Essays On Nonparametric And High Dimensional Econometrics written by Jesper Riis-Vestergaard Soerensen and has been published by this book supported file pdf, txt, epub, kindle and other format this book has been release on 2018 with categories.


This dissertation studies questions related to identification, estimation, and specification testing of nonparametric and high-dimensional econometric models. The thesis is composed by two chapters. In Chapter 1, I propose specification tests for two formally distinct but related classes of econometric models: (1) semiparametric conditional moment restriction models dependent on conditional expectation functions, and (2) a class of high-dimensional unconditional moment restriction models dependent on high-dimensional best linear predictors.

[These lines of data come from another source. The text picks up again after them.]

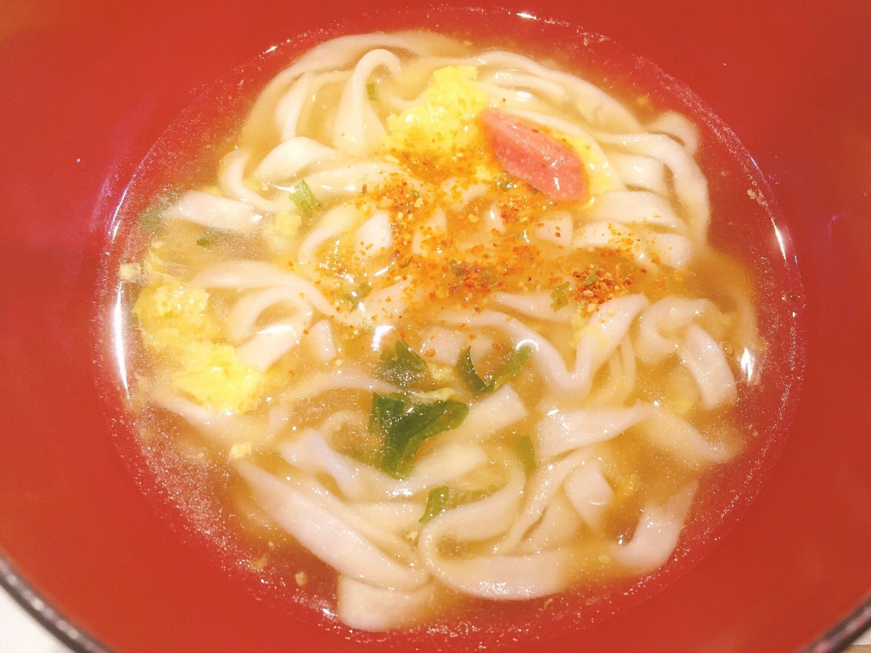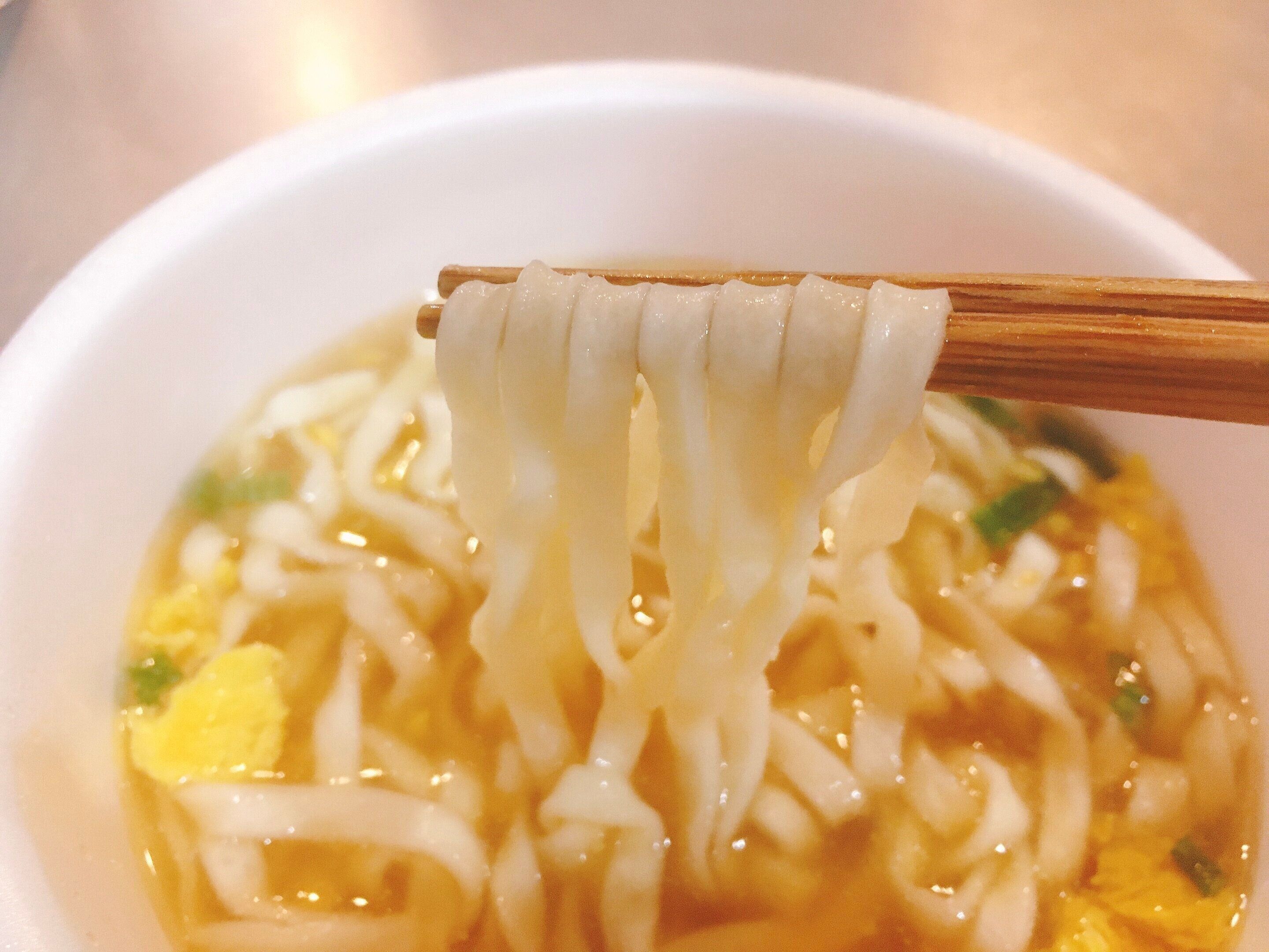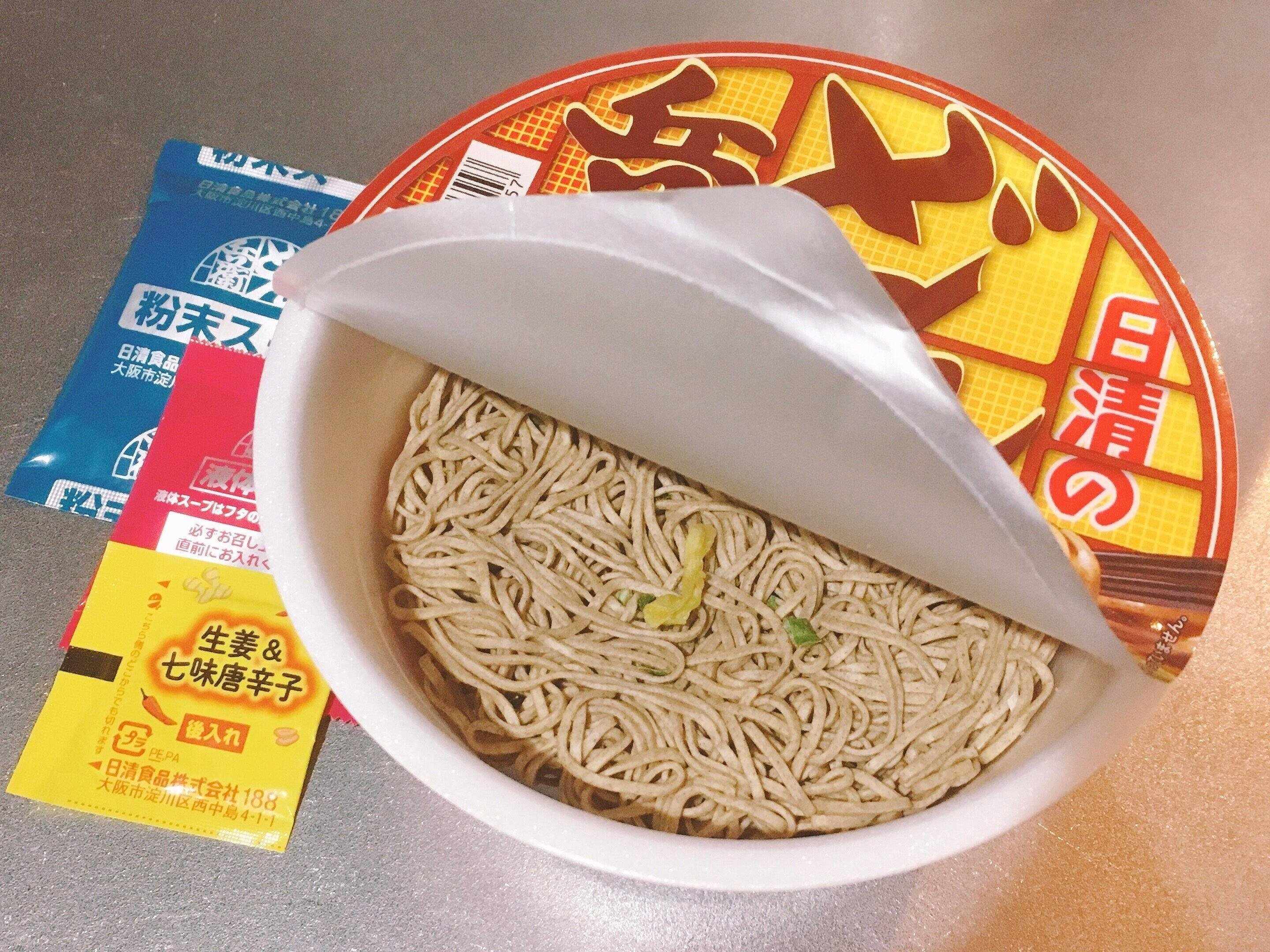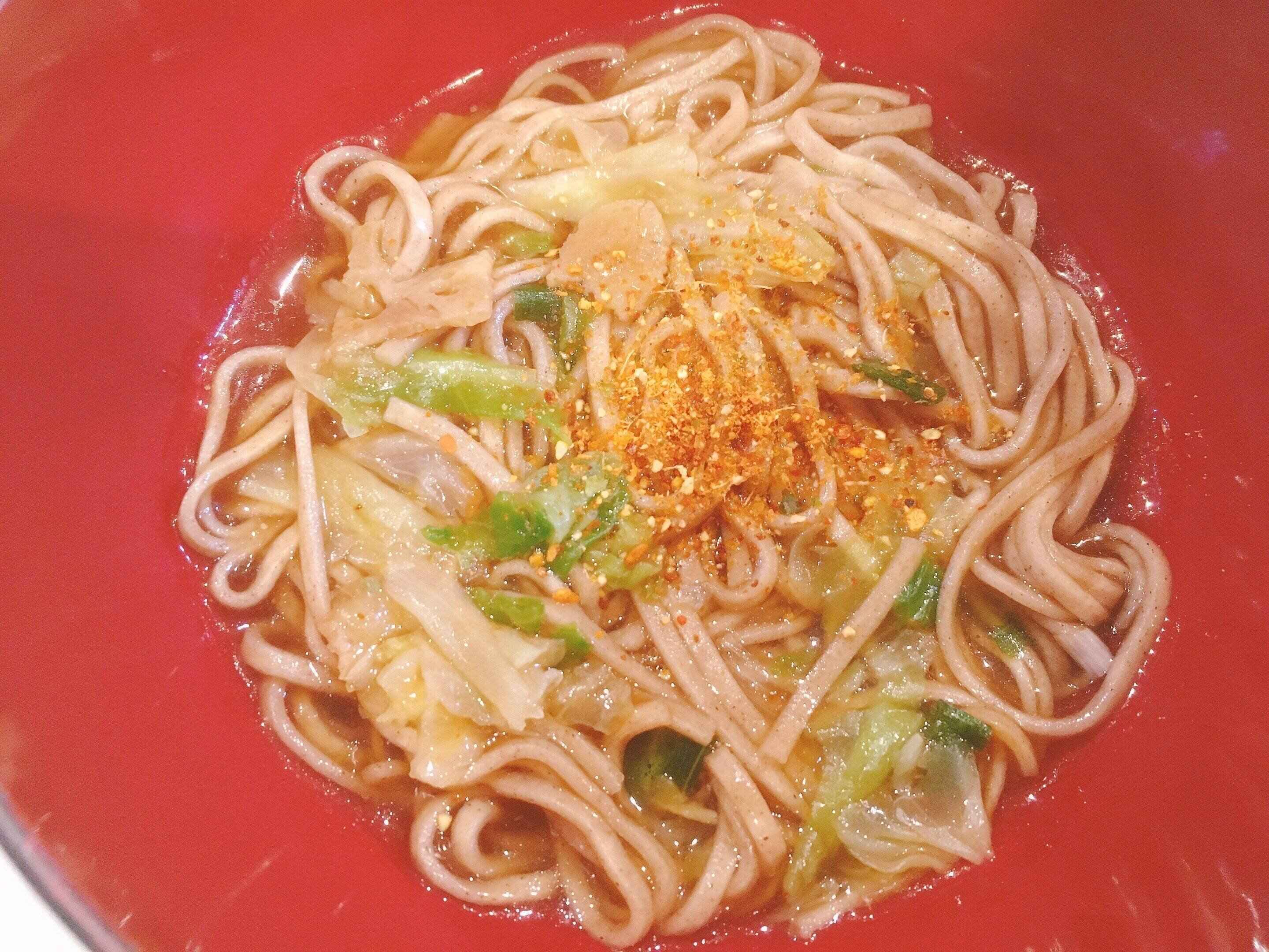 お湯を入れてから5分、完成しました!こちらも家族とシェア。七味を入れるとさらに色合いが良くなります。容量はそばよりも少し少なめ。生姜の風味が感じられるダシとかまぼこの明太子風味で、より体が温まるような気がします。ふわふわのかきたまが入ることで、全体的にやさしい味わいにまとまっています。
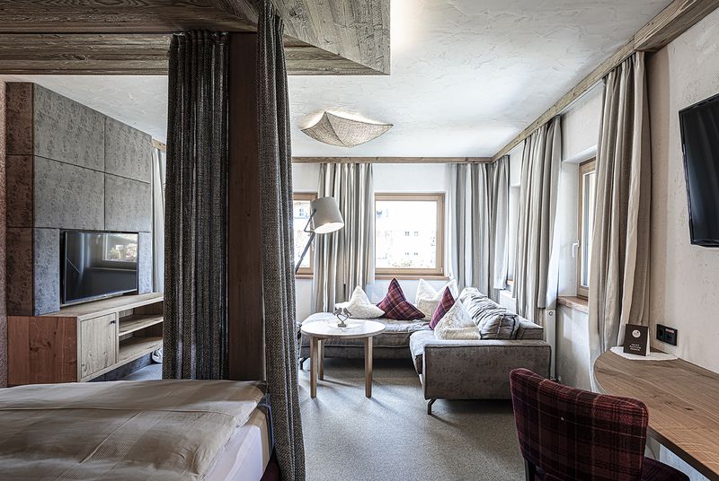 - Kombinierter Wohn-/ Schlafraum mit Doppelbett und Kuschelcouch
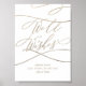 Este romántico boda de caligrafía dorada desea poster es perfecto para un simple boda. El moderno diseño clásico presenta vistosos remolinos y florituras con magnífica y elegante tipografía de oro con imitación de champagne a mano. Nota: Este diseño no tiene Relieve metalizado oro real. Es un gráfico de alta calidad hecho para parecer un Relieve metalizado dorado.
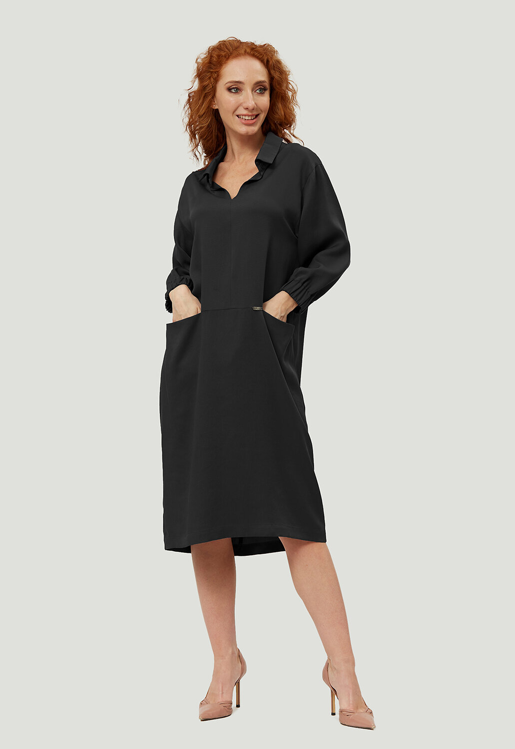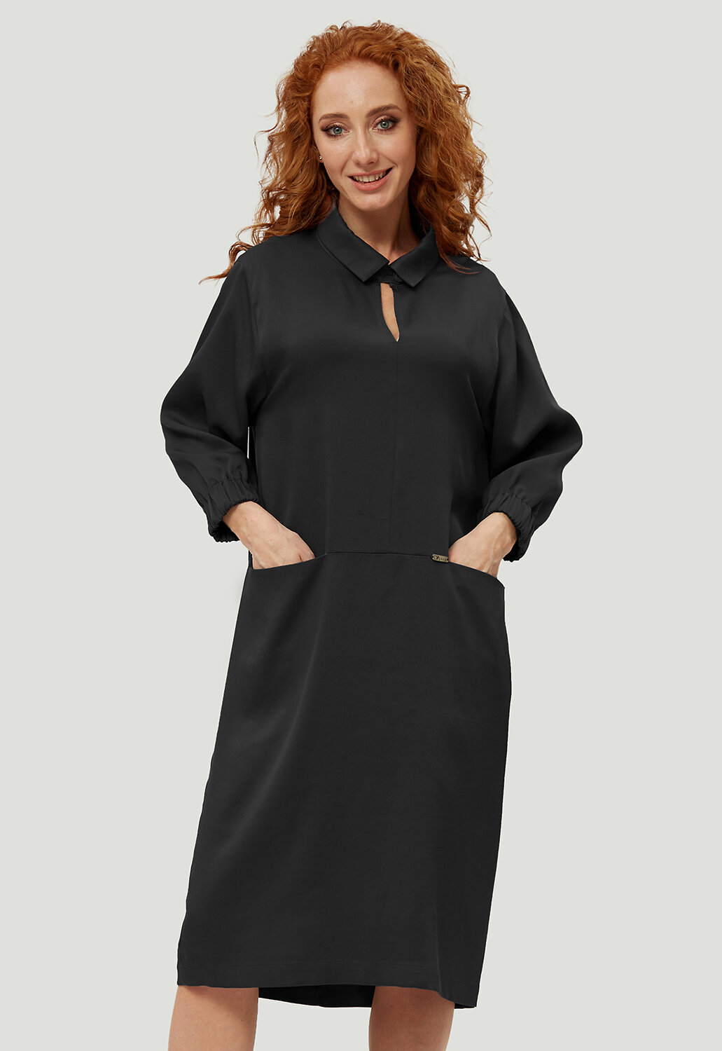 Стильное, универсальное платье в минималистическом кэжуал - стиле комфортной длины от российского производителя D’imma Fashion Studio из натуральной ткани - олицетворение женственности, привлекательности и уверенности. Модель с актуальным, отложным воротником на стойке с застежкой на пуговицу с навесной петлей. Расстегнув пуговицу, можно оформить V-образный вырез, визуально удлиняющий шею. Втачной рукав с цельнокроеной манжетой на резинке делает его интересным и модным. По переду горизонтальный рез ниже линии талии с цельнокроеными карманами придаст модели удобства и стиля. Данное платье свободного силуэта будет изумительно смотреться не только на моделях из дизайнерских коллекций, но и на корпулентных девушках. Можно дополнять яркими аксессуарами и менять образ под настроение. Модель создана для тех, кто любит быть индивидуальным и неповторимым.
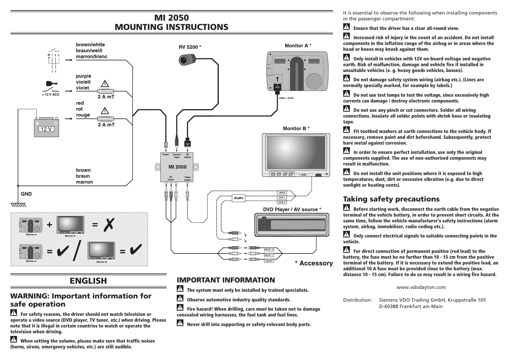 MI 2050 - Électronique embarquée VDO DAYTON - Notice d'utilisation et mode d'emploi gratuit
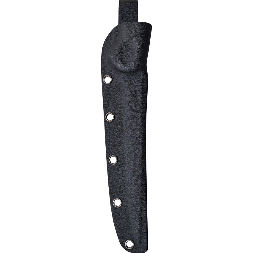 Overall: 12"; Blade: 6" l 40A Carpenter Steel l Standard Edge l Black Finish; Handle: Micarta; Other Info: Full Tang. Precision ground flex edge. Blue and black handles. Black molded belt sheath. Hang Packaged.
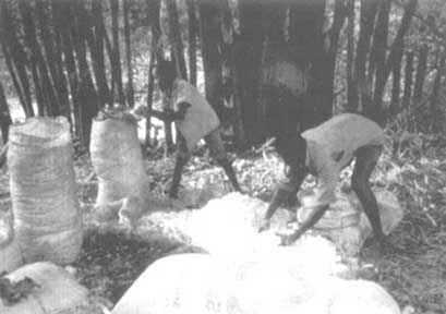 Défibrage des racines rouies - Shredding the retted roots - Desfibrado de raíces maceradas
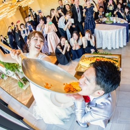 ウェディングケーキはオムライスに変更し、特大スプーンで写真映えも狙いました!笑
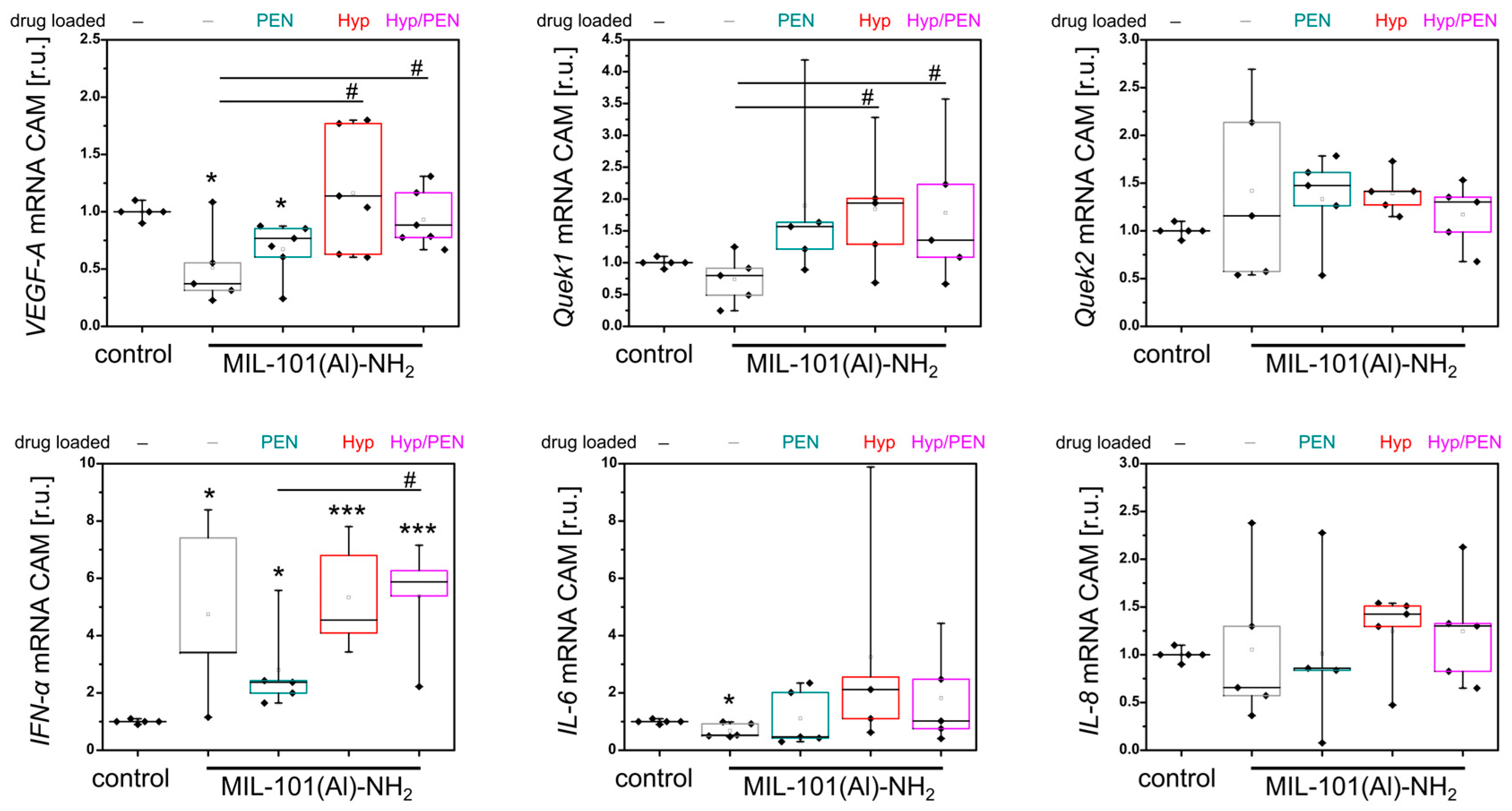 Figure 4. Analysis of VEGF-A, Quek1, Quek2, IFN-α, IL-6 and IL-8 gene expression in CAM after application of MIL-101(Al)-NH2 and MIL-101(Al)-NH2 loaded with PEN, Hyp and their combination for 24 h in the dark. Levels of significant difference from the control and between samples were determined using an one-way ANOVA test: * p < 0.05, *** p < 0.001, # p < 0.05.
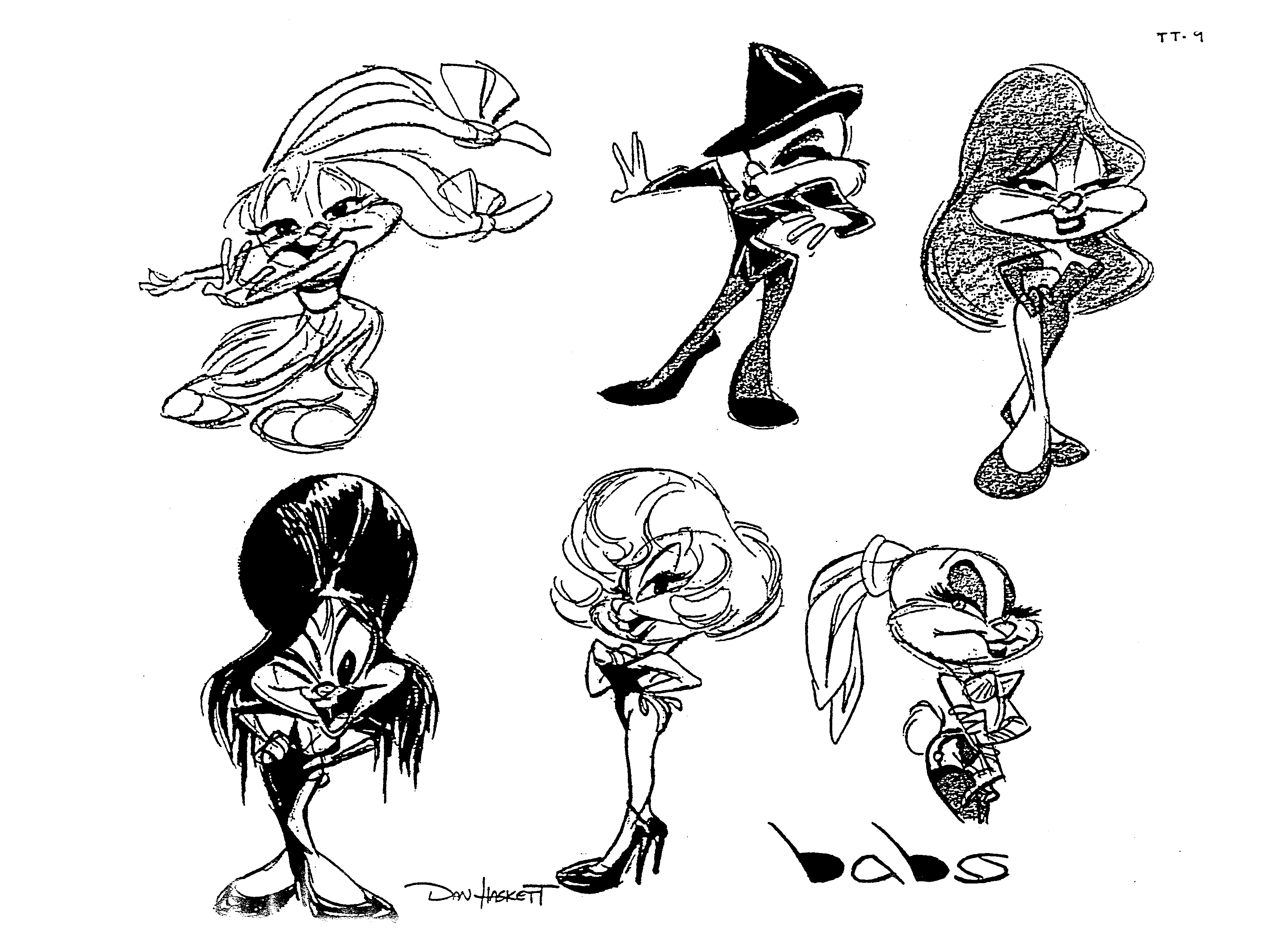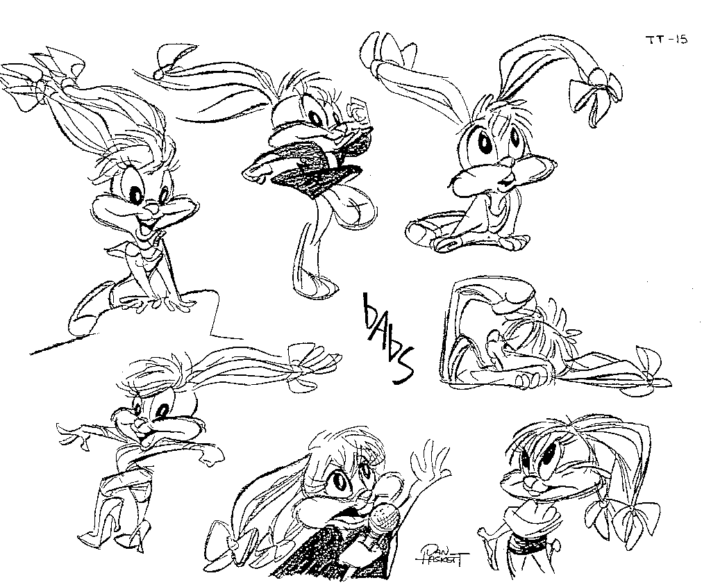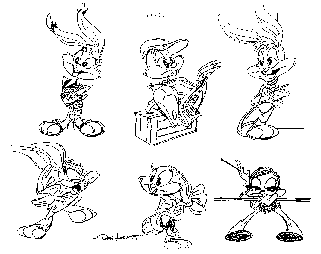 3 early Tiny Toons Logo including the final artwork with Buster & Babs, by Alfred Gimeno, Ken Boyer, Mitch Schauer & Tom Ruegger.

These classes may be motivated by economic models in which agents make choices under uncertainty and therefore have to predict payoff-relevant variables such as the behavior of other agents. The proposed tests are shown to be both asymptotically correctly sized and consistent. Moreover, I establish a bound on the rate of local alternatives for which the test for high-dimensional unconditional moment restriction models is consistent. These results allow researchers to test the specification of their models without introducing additional parametric, typically ad hoc, assumptions on expectations. In Chapter 2, I show that it is possible to identify and estimate a generalized panel regression model (GPRM) without imposing any parametric structure on (1) the function of observable explanatory variables, (2) the systematic function through which the function of observable explanatory variables, fixed effect, and disturbance term generate the outcome variable, or (3) the distribution of unobservables. I proceed with estimation using a series maximum rank correlation estimator (SMRCE) of the function of observable explanatory variables and provide conditions under which L2-consistency is achieved. I also provide conditions under which both L2 and uniform convergence rates of the SMRCE may be derived.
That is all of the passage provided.